Movie Awards – Tom O’Neil

Movie Awards – Tom O’Neil

The key word here is ‘unofficial’. Tom O’Neil is an American film critic and commentator and he’s been around long enough to be able to sift out the facts and figures from the morass of self-congratulation and financially motivated decision-making that forms the bedrock of the Movie Awards industry.

O’Neil lays out his standpoint from the opening sentence of his Introduction sentence – “There is no such thing as a ‘Best Picture Of The Year’.” From that somewhat startling opening, O’Neil proceeds to justify his observation by underpinning it with a plethora of statistics, all of which prove, that in essence, he has a point. Awards are a matter of opinion, and in spite of the multi-million dollar hoo-hah that is the Awards system, opinions belong to individuals, and just because someone’s opinion is read by millions doesn’t make it more or less valid than that of the guy you overhear in a taxi queue talking about a movie he’s just seen.

That is not to say that Tom O’Neil hates Awards ceremonies, and the people who give and receive Awards, but rather that he is aware of just how ‘Hollywood’ the whole scene is, and just how easy it is to get caught up in the sheer wonderfulness of it all. O’Neill’s skill is in tracing a fine line between involvement and interest in his subject, and sufficient detachment to take an overview of the industry and to surgically remove it’s more amusing and disturbing traits for close examination.

The book is a huge work – it weighs in at over 800 hundred pages, and is not designed to be read from cover to cover, unless you have the time and the inclination, in which case you really will be able to hold court at any dinner party when movies become the subject of discussion–and risk not being invited back! The layout and sectioning of the book mark it down as a reference work and as such it is neatly divided into manageable annual sections, from 1927 to 1999, including statistical information and an overview of the changing industry which provides fascinating and insightful reading.

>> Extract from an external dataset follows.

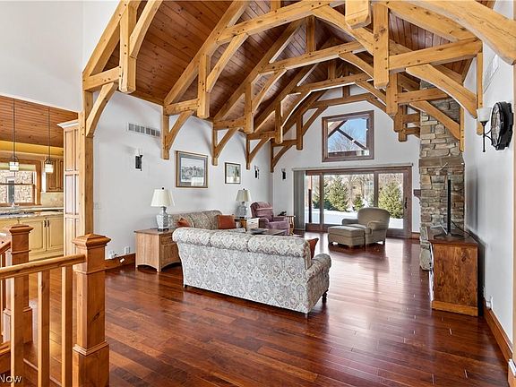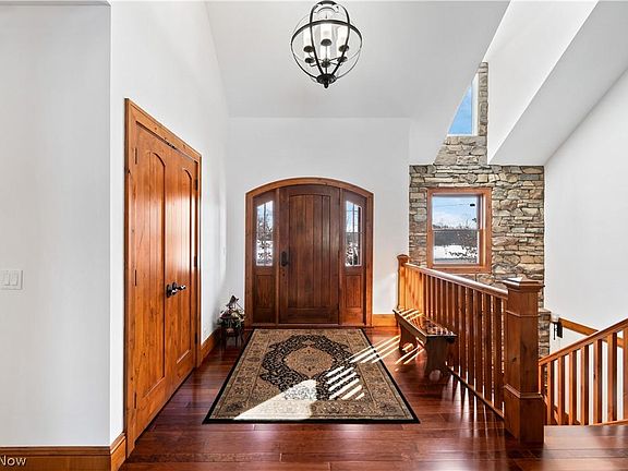 This exclusive custom ranch home was built with impeccable craftsmanship and an incredible quality you can feel throughout. Pride of ownership is evident when you discover the thought and care put into each room. The kitchen shows off beautiful cherry hardwood flooring, hickory cabinetry, granite countertops, and S/S appliances. Open to the dining room with a picture perfect view to the golf course. A generously-sized pantry closet separates the kitchen and mudroom where you'll find the laundry area, half bath, backyard entry & entry to the 3-car attached garage. All trim & doors were custom created with knotty alder wood. The great room boasts vaulted pine ceilings with white oak hammer beam trusses, a gas fireplace, & a view to the backyard that seems to invite the natural light in. Off this room is an extended covered stamped concrete patio overlooking the serene, wooded backyard. Primary bedroom features a tray ceiling, spacious closet and en suite bathroom w/electric radiant heated flooring, jacuzzi tub, & dual vanities. Two additional bedrooms have hall access to an updated full bath. Lower level is a finished walkout offering a kitchenette & a stone gas fireplace. There's a theatre room, workout room, & a half bath. You'll also find the 4th bedroom with a private full bath, heated flooring & a gorgeous tile shower. An additional 2-car detached insulated garage was built for the hobby enthusiast or extra storage. You'll want to see this home to truly appreciate it all.

The depth of comment on each year of the period in movie history covered by the book is its greatest strength. The analysis puts flesh on the bones of the statistical information that accompanies it, and means that any reader can derive a perspective about how and why some films are successful and some are not, together with the ability to draw a line under the bar/office debate about which film won which Award and when.

It is possible to assess the career movement. success, and background of your favorite actor, actress, or movie by means of the comprehensive index, which should make the book more user-friendly than its size and bulk initially suggest.

Throughout the entire work, Tom O’Neil retains his detached and twinkling cynical take on the movie industry as a whole, never allowing his affection for the movies and people who make them detract from his shrewd observations with regard to the wheeling and dealing that goes on to create the large number of Awards ceremonies that can make or break individuals’ entire careers.

A nice touch is the penultimate section, ‘Best Acceptance Speeches,’ which neatly avoids the more obvious targets – the hype and hysteria, the endless “I don’t deserve this….” and the inevitable “I couldn’t have done this without ….” (cue twenty-minute read-out of people no-one outside the industry has heard of, prompting millions of TV remotes around the world to click into action) and instead opts for a selection of witty and wry observations from people who have managed to think of something original to say at a time when they are right at the front of their career shop-window, with an entire display devoted to their utterances.

Move Awards is an excellent choice for anyone looking for a combination of insightful observation and statistical information in abundance.If you compile the office quiz at Christmas, or you like to offer some knowledgeable opinions on the movies that make up cinematic history, then this is the book for you. Even if you have only a passing interest in movies, the human foibles and interests that underline the essence of Awards Ceremonies is fascinating on its own, and can provide a wealth of reading pleasure for any student of human nature.

Know a film buff? Buy Movie Awards as a gift – buy only if you don’t have to send it by post!